Хотя «Гонтлет» не обладал такими же стройными обводами, как «Фьюри», напоминавшая рапиру (именно «он» - «Фьюри» безусловно, был женского рода, «Гонтлет» и «Уоллес» - определенно мужского), определённо, стоило овладеть этим «клинком», скорее, пиратского плана – как абордажная сабля.
Я открыл для себя мощность двигателя «Меркьюри», с силой толкавшего тебя в спину; бег на жёстких опорах шасси с подкосами; объёмистый нос, закрывавший обзор вперед. Я заново познал чувствительность органов управления (но не столь лёгкого, как у «Фьюри»), угол набора высоты, ликование высшего пилотажа (а они еще говорили, что «Харрикейн» способен выполнять весь комплекс фигур) и открытую кабину. Я вернулся к реальному полету.
Этого реализма я хватил через край, в составе метеокрыла! Известный факт: отлетав в нем два года и оставшись в живых, вы автоматически получали Крест Авиатора; капитан Гарри Твэйтс, командовавший крылом на момент моей службы, позже получил такой орден, да ещё с планкой, за отличия в первые дни войны.

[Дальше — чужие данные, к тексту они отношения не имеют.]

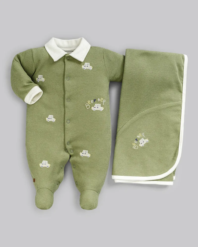 Saída Maternidade Masc Malha Trabalhada Carrinhos Verde RN - Anjos Baby

Дважды в сутки, вы поднимались на двадцать две тысячи футов - в семь утра и в полдень - вне зависимости от природных условий, имея только самые неизящные приборы для слепого полета. Это была задача не для слабонервных. Единственный прибор, которому можно было доверять – здоровенный анероид в медном обрамлении – выказывал точность до пары футов; а хуже всего работала рация TR9D.
В первые дни я множество раз был свидетелем мастерски выполненных полетов вслепую, но один случай, с уоррент-офицером Биллом Бейли (единственным пилотом в составе метеокрыла, помимо меня) навсегда застрял в моей памяти.
В то утро стоял густой туман, сливавшийся с низкой облачностью. Видимость составляла от 20 до 30 ярдов. Я сопровождал Билла до точки взлета: бежал рядом с законцовкой крыла и, по необходимости, тянул за нее или толкал, разворачивая истребитель. Я приметил ограждение летного поля, уловил дыхание легкого бриза на щеках и развернул биплан против ветра. Голова пилота скрылась в кабине: он устанавливал направление ветра на компасе; затем он махнул мне рукой, бурчание «Меркьюри» превратилось в треск, и он поднялся в воздух – туман завивался в вихри и кудри в спутной струе.
Процедуры, обеспечивающее безопасное возвращение, были почти до невозможности примитивными – а между тем, до объявления войны оставалось всего четыре месяца!
Я стоял в центре (очень приблизительно) аэродрома. В тридцати ярдах от меня стоял авиатор, не видимый в тумане, в тридцати ярдах от него – другой авиатор, и так вплоть до самого штаба, где Гарри терпеливо пытался связаться с Биллом посредством сыплющей помехами радиостанции TR9D.
Внезапно, очень слабо, я услышал звук мотора его самолёта.
«Он к северо-востоку, примерно пять миль!» - закричал я, и услышал, как сообщение передавали от механика к механику. «Северо-восток, примерно пять миль…»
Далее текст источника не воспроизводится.